On the surface, it would appear that the Nazis were allowing the Jewish refugees a new life in Havana. However, the Nazis were aware of rising western antisemitism
and correctly surmised that Jews traveling on tourist visas (not immigrant visas, which none of the potential host countries would likely have issued them) would not be able to enter Cuba, since they were clearly political and social refugees. Furthermore, once they had been refused entry by Cuba and other Atlantic nations, the world would be forced to admit that there was, as the Nazis claimed, a “Jewish problem”, which Germany was trying to resolve “humanely.”[citation needed]
Since not one of the countries of the North Atlantic basin would allow the Jewish refugees entry, these countries could not morally object when Nazi Germany dealt with its own Jewish population as it saw fit.[citation needed]
St. Louis sailed from Hamburg in May 1939., carrying one non-Jewish and 936 (mainly German) Jewish refugees seeking asylum from Nazi persecution. [1][2]
As expected, on the ship’s arrival in Cuba, the Cuban government under Federico Laredo Brú refused the passengers both entry as tourists or political asylum. This prompted a near mutiny. Two passengers attempted suicide and dozens more threatened to do the same. However, 29 of the refugees did manage to disembark at Havana. [3]
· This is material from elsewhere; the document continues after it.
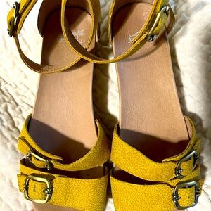 Very cute and comfortable sandal with ankle strap and low wedge. Very lightly worn but there is some damage/ discoloration to the back of the shoe because of how I stored them.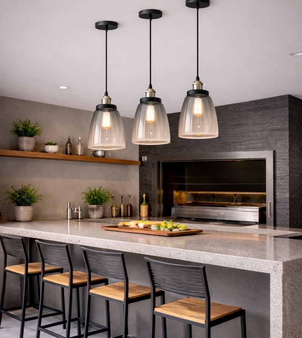El acabado Fumé presenta un tono gris ahumado semitransparente que suaviza la luz, generando una atmósfera cálida, elegante y contemporánea.

On 4 June 1939, the St. Louis was also refused permission to land her passengers under orders from President Roosevelt as the ship waited between Florida and Cuba. Initially, Roosevelt showed limited willingness to take some of those on board despite the Immigration Act of 1924, but vehement opposition came from Roosevelt’s Secretary of State, Cordell Hull, and from Southern Democrats—some of whom went so far as to threaten to withhold their support of Roosevelt in the 1940 Presidential election if he allowed it.[citation needed]
The St. Louis then tried to enter Canada but was denied permission as well. [4]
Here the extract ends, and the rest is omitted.